Gaming giant Zynga has had a rough go of it recently. After emerging as a giant during the first era of Facebook gaming, it stumbled during the transition to mobile, overpaid for underperforming acquisitions like OMGPOP, and has seen its stock price plummet since its IPO. Today the company announced that Don Mattrick, a veteran of Microsoft and Eletronic Arts, would be stepping down as CEO. Mark Pincus, the controversial founder and former chief executive, will be his replacement.
"Don joined us at a very important time in our evolution. In less than two years under his guidance, our teams have worked hard to better serve our mobile players and deliver world class quality and value to our consumers." Pincus said in a letter to employees. "Now that we are a mobile first company, it’s time to renew our focus on our vision to make play and social games a mass market activity."

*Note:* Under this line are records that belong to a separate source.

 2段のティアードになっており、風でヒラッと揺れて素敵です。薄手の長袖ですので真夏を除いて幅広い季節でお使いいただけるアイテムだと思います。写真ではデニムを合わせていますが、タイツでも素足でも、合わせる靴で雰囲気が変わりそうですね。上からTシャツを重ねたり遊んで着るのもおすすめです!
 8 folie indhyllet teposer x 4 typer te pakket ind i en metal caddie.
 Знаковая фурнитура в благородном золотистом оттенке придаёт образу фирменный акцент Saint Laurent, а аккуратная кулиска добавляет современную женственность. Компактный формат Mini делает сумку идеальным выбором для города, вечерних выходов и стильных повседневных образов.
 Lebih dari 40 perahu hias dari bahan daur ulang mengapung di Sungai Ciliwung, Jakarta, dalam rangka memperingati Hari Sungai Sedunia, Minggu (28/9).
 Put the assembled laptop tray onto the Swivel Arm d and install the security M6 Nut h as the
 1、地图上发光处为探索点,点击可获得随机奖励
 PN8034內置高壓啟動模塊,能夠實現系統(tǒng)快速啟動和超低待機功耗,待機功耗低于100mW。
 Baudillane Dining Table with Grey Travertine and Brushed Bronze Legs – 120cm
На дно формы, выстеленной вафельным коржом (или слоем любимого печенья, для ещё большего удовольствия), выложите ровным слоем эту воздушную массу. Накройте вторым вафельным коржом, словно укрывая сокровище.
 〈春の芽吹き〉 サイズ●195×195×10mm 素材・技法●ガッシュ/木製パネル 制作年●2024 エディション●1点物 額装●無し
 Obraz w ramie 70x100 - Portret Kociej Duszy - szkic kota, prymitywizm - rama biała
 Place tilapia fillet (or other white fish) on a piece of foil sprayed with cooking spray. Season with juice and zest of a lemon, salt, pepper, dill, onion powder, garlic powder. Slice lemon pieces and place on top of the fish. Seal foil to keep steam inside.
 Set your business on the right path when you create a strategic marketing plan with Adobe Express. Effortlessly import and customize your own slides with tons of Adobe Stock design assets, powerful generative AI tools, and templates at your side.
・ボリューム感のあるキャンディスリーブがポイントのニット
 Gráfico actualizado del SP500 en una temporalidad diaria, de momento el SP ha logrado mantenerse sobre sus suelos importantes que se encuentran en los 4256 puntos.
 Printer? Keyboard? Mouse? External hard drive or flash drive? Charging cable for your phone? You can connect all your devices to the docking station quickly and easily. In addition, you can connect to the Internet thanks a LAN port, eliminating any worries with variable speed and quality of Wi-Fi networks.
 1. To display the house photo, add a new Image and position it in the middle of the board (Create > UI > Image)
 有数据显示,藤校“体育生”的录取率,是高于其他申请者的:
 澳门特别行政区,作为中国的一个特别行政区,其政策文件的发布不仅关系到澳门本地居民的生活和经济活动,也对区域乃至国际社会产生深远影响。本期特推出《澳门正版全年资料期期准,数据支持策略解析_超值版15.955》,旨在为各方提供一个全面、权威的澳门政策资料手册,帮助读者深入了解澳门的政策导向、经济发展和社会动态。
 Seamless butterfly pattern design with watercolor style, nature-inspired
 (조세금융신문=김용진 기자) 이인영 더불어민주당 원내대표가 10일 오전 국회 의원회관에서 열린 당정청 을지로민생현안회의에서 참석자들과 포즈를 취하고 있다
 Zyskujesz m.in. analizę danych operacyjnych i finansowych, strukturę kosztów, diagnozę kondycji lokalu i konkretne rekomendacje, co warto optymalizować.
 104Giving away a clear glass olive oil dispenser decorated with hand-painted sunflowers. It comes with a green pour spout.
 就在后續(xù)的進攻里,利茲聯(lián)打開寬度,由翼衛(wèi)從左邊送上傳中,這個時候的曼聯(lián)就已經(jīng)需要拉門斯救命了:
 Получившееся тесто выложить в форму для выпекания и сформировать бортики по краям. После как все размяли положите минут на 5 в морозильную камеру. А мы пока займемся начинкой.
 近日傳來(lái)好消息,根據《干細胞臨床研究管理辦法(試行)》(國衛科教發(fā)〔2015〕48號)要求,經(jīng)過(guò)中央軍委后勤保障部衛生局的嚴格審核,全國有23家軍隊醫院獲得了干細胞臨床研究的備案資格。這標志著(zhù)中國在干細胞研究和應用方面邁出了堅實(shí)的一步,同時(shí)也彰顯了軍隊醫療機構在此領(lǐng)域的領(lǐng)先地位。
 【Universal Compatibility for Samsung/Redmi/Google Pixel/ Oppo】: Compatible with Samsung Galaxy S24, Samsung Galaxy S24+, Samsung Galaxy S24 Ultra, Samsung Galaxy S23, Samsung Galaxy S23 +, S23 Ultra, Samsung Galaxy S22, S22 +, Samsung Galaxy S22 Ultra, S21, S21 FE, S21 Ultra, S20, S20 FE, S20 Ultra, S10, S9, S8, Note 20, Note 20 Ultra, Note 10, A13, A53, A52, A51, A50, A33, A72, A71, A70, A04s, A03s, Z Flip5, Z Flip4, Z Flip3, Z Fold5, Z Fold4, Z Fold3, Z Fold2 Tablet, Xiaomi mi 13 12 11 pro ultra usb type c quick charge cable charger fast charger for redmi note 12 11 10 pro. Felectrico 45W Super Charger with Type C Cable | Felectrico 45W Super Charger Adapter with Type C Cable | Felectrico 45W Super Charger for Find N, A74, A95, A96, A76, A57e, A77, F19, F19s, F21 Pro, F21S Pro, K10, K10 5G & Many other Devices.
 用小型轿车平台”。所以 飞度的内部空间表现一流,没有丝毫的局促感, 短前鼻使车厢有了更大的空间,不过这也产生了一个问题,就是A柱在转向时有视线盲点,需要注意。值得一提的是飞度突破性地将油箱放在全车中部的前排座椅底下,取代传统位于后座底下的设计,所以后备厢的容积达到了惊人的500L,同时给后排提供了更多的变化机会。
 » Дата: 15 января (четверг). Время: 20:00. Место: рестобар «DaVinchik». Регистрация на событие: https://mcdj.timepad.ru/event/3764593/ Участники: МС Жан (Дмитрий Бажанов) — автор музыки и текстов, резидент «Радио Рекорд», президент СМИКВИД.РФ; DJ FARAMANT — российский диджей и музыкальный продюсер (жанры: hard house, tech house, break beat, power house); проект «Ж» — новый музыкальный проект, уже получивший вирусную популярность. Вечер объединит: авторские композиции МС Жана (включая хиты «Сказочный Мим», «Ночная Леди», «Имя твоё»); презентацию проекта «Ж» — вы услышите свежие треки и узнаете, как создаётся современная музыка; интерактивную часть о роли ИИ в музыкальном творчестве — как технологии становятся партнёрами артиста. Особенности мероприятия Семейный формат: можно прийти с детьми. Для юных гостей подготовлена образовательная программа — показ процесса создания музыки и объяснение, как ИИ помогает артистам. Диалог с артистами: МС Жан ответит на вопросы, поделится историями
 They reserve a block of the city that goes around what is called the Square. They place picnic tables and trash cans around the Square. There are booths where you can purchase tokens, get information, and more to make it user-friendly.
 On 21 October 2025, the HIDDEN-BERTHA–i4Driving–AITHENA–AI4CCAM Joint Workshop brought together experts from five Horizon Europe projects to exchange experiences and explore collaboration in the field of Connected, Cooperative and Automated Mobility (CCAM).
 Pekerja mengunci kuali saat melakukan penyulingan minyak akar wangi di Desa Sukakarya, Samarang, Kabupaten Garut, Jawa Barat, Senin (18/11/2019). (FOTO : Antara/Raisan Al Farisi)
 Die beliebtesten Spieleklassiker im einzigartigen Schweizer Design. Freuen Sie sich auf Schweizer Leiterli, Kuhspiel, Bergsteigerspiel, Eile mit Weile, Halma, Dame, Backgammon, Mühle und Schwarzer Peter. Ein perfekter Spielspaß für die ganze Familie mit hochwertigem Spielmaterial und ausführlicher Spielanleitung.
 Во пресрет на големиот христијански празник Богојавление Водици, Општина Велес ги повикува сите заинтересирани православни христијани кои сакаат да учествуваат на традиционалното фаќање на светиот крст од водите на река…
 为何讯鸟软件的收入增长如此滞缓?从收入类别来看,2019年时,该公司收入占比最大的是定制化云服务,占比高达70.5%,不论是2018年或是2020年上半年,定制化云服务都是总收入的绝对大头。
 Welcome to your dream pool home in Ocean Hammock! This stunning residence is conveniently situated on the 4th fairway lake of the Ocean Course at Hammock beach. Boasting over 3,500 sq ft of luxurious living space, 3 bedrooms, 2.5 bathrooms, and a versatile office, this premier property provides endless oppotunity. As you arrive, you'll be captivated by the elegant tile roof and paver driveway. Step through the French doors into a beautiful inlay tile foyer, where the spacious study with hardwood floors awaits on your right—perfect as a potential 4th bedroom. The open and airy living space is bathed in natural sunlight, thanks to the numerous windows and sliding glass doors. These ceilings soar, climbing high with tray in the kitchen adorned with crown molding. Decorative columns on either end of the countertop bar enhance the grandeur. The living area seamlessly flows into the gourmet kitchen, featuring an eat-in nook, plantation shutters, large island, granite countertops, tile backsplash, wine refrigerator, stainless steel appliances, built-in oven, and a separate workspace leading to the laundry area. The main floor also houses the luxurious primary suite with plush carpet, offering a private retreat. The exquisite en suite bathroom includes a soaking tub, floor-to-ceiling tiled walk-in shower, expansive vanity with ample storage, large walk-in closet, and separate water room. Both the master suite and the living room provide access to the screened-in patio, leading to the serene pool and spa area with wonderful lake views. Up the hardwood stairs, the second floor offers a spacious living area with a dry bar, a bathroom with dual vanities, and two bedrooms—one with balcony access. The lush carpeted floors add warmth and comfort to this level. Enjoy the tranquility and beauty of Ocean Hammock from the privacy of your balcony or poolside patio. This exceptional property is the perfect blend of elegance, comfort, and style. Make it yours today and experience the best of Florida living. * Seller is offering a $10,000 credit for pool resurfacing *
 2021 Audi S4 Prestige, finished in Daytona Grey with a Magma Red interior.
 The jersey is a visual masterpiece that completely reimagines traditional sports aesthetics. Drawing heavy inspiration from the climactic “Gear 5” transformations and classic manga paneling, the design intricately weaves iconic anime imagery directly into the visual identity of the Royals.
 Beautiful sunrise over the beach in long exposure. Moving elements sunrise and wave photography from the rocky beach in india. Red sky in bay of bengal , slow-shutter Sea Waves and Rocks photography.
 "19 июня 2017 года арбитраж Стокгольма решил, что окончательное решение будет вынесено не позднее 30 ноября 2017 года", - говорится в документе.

Analysts had been calling for the company to fire Mattrick, accusing him of repeating the company's early mistakes. BTIG's Rich Greenfield pointed to Mattrick's $527 million acquisition of developer Natural Motion. "Your core franchises have and continue to generate meaningful earnings, yet that is being completely offset by your attempts to find the next hit games in categories where Zynga has no underlying expertise." Of course, they were saying the same thing about Pincus before he swapped places with Mattrick the first time.
We wrote recently about the Zynga's efforts to regain relevance with Dawn of Titans, a strategy game from Natural Motion that has been a hit with consumers. The strong reviews for that title and the big earnings from its casino game, Hit It Rich!, have driven the stock up 23 percent over the last month. Pincus, at the very least, returns to a company with a little momentum.